The Transaction includes all of Seller's right, title, and interest, if any, to all real estate, buildings, improvements, appurtenances, and fixtures. Fixtures shall include all things that are embedded in the land or attached to any buildings and cannot be removed without damage to the Property.
In addition to the real property, the following personal items shall be included in the sale: _________.
The following currently existing fixtures on the Property shall be excluded from the sale: ____________.

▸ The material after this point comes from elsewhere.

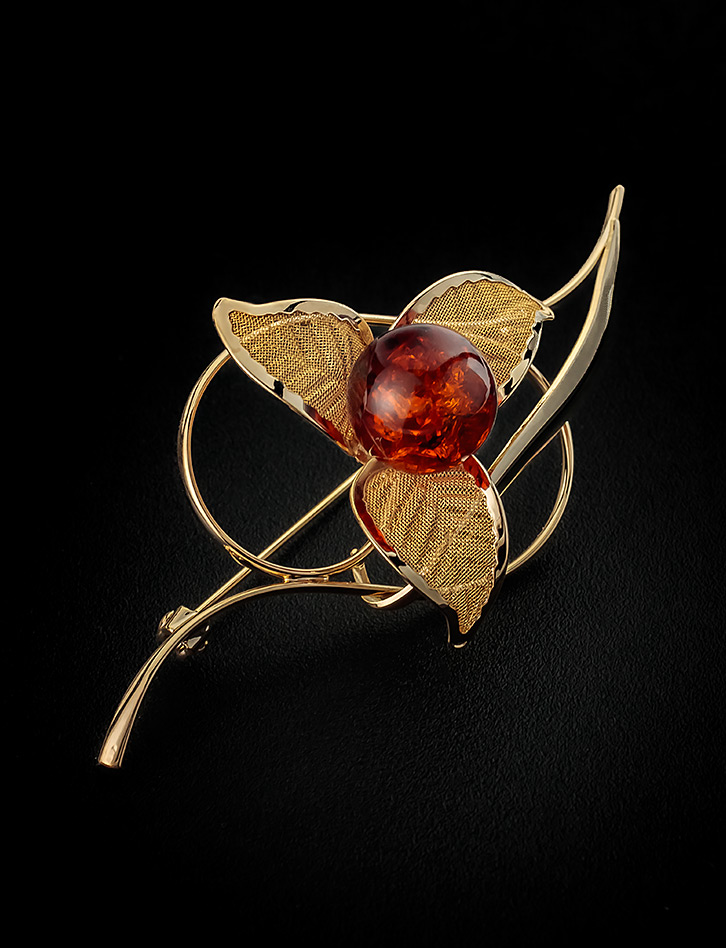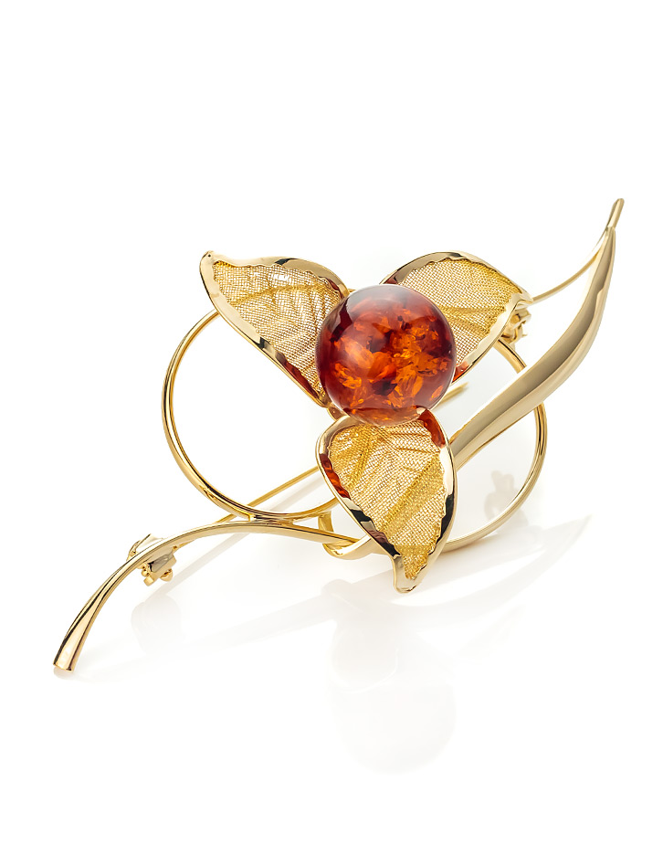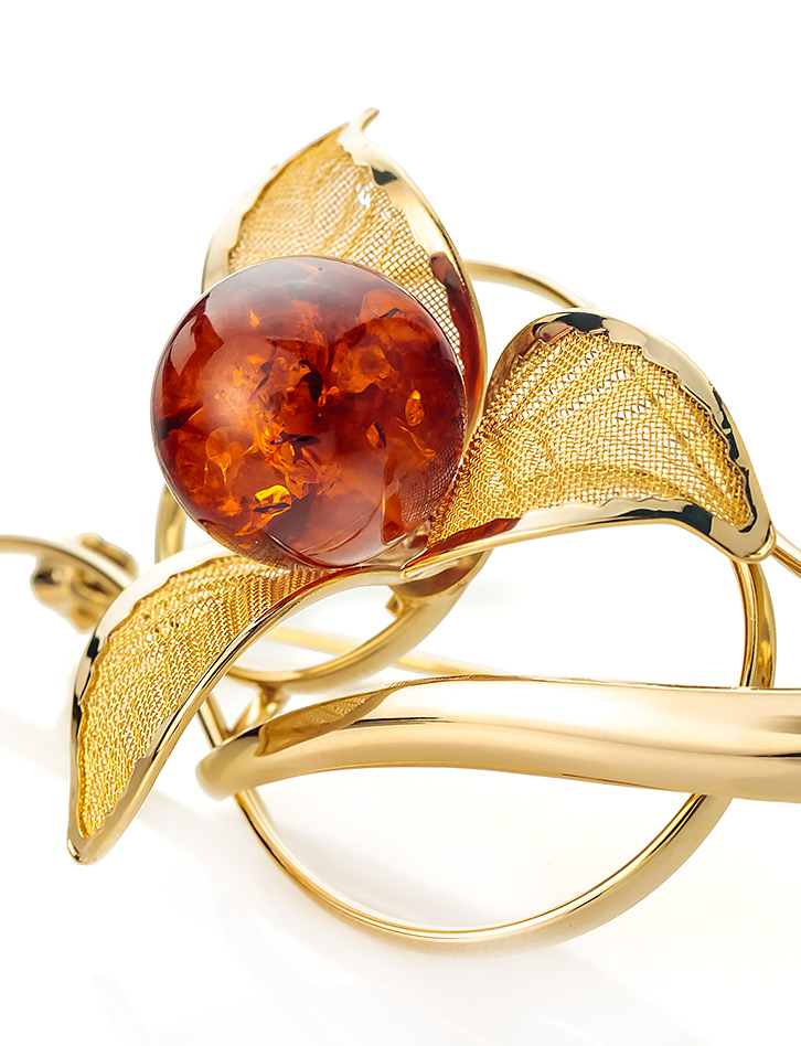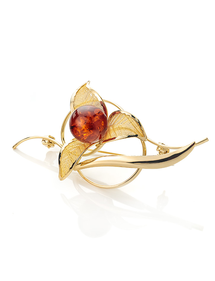 Изящная позолоченная брошь с натуральным коньячным янтарём Beoluna

Concurrent with the execution of this Agreement, the Buyer shall deposit with the Seller or the Seller's escrow agent an earnest money deposit (the "Deposit") of $________________, due upon the signing of this Agreement, the receipt of which is hereby acknowledged, as earnest money and a partial payment of the consideration under the Agreement, to be held in escrow pursuant to this Agreement. In the event that the purchase and sale shall be consummated pursuant to the terms of this Agreement, the Seller or Seller's escrow agent shall, at such closing, deliver to Seller the Deposit, and Buyer shall be given credit toward the purchase price for the payment of the Deposit.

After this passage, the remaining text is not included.